Throughout their time together the family lived a nomadic life and worked as camel-drivers in Central Australia, initially based in the South Australian towns of Marree and Oodnadatta. In both towns Stegar and her family lived in the Ghan Towns, established outside of the main settlements for Afghan cameleers. Stegar had a special place in the communities there as, pressed into unwilling service by Nuby, she assisted with the translation of consignment notes and bills of landing as many of the cameleers could not read English.

Around 1923 - 1924 Nuby died in a cholera outbreak in his home village when visiting India to help his family and, upon hearing the news, months after events and already struggling from the financial aspects of her husband's loss, Stegar was shocked to learn she had no claim to his estate as the two were never formally married. Stegar tried to find full-time work, preferably live-in, but all that she could find was work as a washerwoman and, to reduce expenses, she moved into a hostel but with no form of pension or benefits available she struggled significantly.

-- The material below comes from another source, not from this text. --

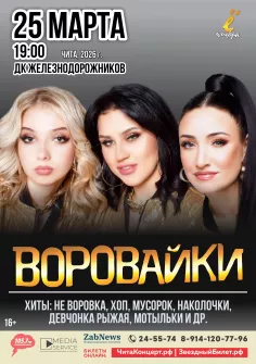 Встречайте! Группа «Воровайки»! Проверенные временем хиты: «Хоп мусорок», «Девчонка рыжая», «Не воровка, не шалава», «Наколочки» и многие другие! Море энергии, зажигательного драйва от трех ураганных девчонок зажгут ваши сердца огнем безудержной «воровайской» энергетики! На концерте Вы окунетесь в незабываемый восторг от живого исполнения, качественного звука и света! Потанцуем вместе с группой «Воровайки»!
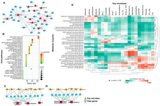 Functional enrichment analysis of the host genes associated with key microbes expressed differentially between C-HFD and F-HFD fed mice. (A) Predicted interactions showing associations between the host genes and the differentially expressed biomarker gut microbiota. (B) Host pathways enriched for the host genes associated with key gut microbes composition. The size of the dots represents the significance of enrichment for each pathway, and color of the dots denotes the number of host genes in which this pathway is significantly associated with microbiome composition. (C,D) Networks showing specific gut microbes associated with particular host genes enriched for disease-specific host pathways. Triangular nodes represent the gut microbes, circular nodes represent the host genes, and rectangular nodes represent the pathways. Edge colors represent the host gene-pathway associations. (E) Association between microbial genera and metabolic enzymes and metabolites. Correlation between the differentially expressed microbial taxa in C-HFD mice, compared with F-HFD mice, was assessed using linear regression analysis. A heat map of Pearson’s correlations between the differentially expressed gut microbiota and metabolic enzymes or metabolites is shown. Microbial genera are displayed on the x-axis whereas metabolic enzymes and metabolites are shown on the y-axis. Cyan color represents the inverse associations and red color denotes the positive associations. Symbols on the plot represent the significance level with an asterisk (*), denoting the Bonferroni significant associations at p < 0.05.

Finding this situation untenable Stegar finally allowed the unofficial Mullah of the Oodnadatta Mosque, who had offered to find her a husband that day that Nuby died, to find her a husband. Stegar married Karum Bux on 26 January 1925 at the mosque, a marriage that was never registered and that Stegar did not even attend the ceremony.

In 1927 the pair travelled to Mecca and, upon her return, she wrote a series of articles about the trip, under the pseudonym Bebe Zatoon. These articles, entitled 'Arabian Days; the Wanderings of Winifred the Washerwoman', ran in The Observer from 8 December 1928 to 2 February 1929. These articles drew a lot of attention, with many people wondering about the real identity of the author. Some of these articles were later included in One Thousand Roads to Mecca; a collection of travel writing.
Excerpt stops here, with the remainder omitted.